The campaign launches as the Senate gets back to work after its August recess, with energy legislation on its plate along with health care.

The ads mark the latest salvo in a series of efforts to sway public opinion and Congress on climate legislation. The National Association of Manufacturers and the National Federation of Independent Businesses teamed up for ads that ran in late August in Indiana, Michigan, Missouri, Nebraska, North Dakota, Ohio and Virginia. Those were intended to drive opposition to climate legislation. Last month, coal's biggest lobbying group launched a television ad campaign featuring ordinary people talking about the importance of low-cost electricity.

The Clean Energy ads target the exact points that polls show people respond to on energy, said Mark Mellman, president of the Mellman Group, a Democratic polling firm.

"People see energy as a serious problem," Mellman said. "Overwhelming numbers want to move to clean energy," Mellman said, and see that as reducing dependence on foreign oil, increasing national security and creating jobs.

In polls as recently as 10 days ago, he said, those arguments win out over competing arguments by a margin of 20 percentage points.

But Jerry Taylor, a senior fellow at the libertarian Cato Institute, said he is "somewhat skeptical" that the ads "have much impact. Informing the public enough to actually build a groundswell for or against a piece of legislation is very difficult."

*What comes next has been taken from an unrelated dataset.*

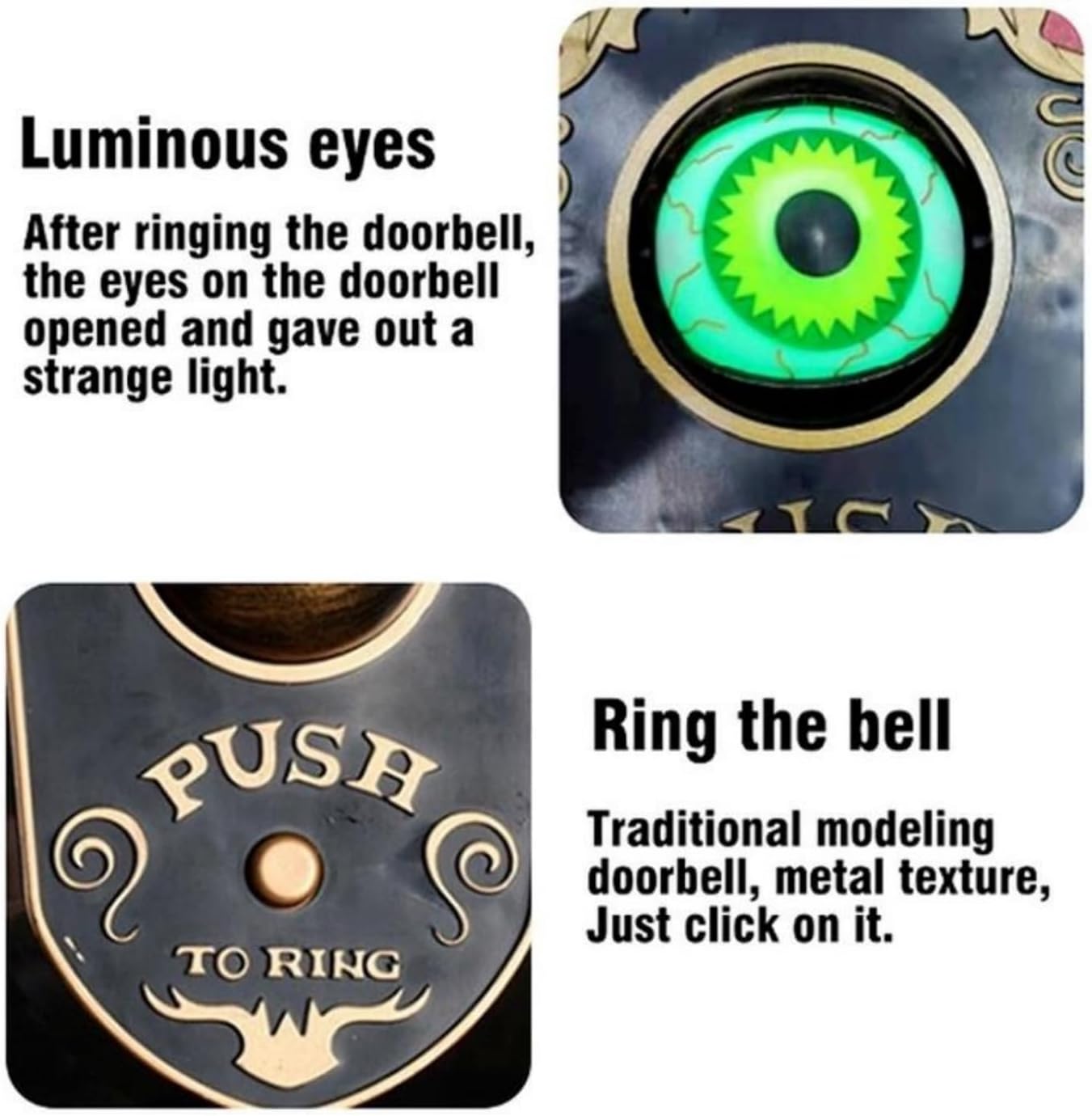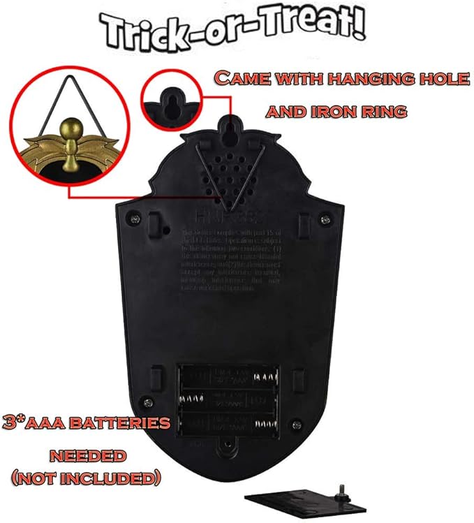 Everyone loves ringing the bell, listening to all the different sayings and watching the light up eye move. The lights make it extra spooky in the dark. You will receive many compliments and comments on it.Animated Haunted House Halloween Decoration is a great party and bar prop,Scare your guests with this Creepy Doorbell that adds a spooky ambiance to your home.

However, if the ads cause 300 people to write or e-mail a lawmaker, even though that is a very small percentage of voters, that could influence that lawmaker's vote.

"It's the perception more than the reality here," Taylor said. "Maybe these ads can change perceptions."

Dorner declined to reveal the cost of the Clean Energy Works' campaign but said it was "significant." The 30-second spot mentions national security, gas prices and jobs.

"When we spend a billion dollars a day buying foreign oil, we don't just waste our money," the ad says. "We put our economy in the hands of hostile nations. We let Big Oil make record profits, while we struggle. And we lose new energy jobs that go overseas."

The ad promotes "strong" energy legislation as the solution, saying it will create 1.7 million new jobs. The source of that statistic is a June report from the Center for American Progress, a liberal policy group headed by John Podesta, who was chief of staff for President Clinton and led President Obama's transition team.

At the end of the ad there are the words "call Congress," with a phone number for the U.S. Capitol switchboard. The ad was produced by GMMB, which worked on Obama's presidential campaign.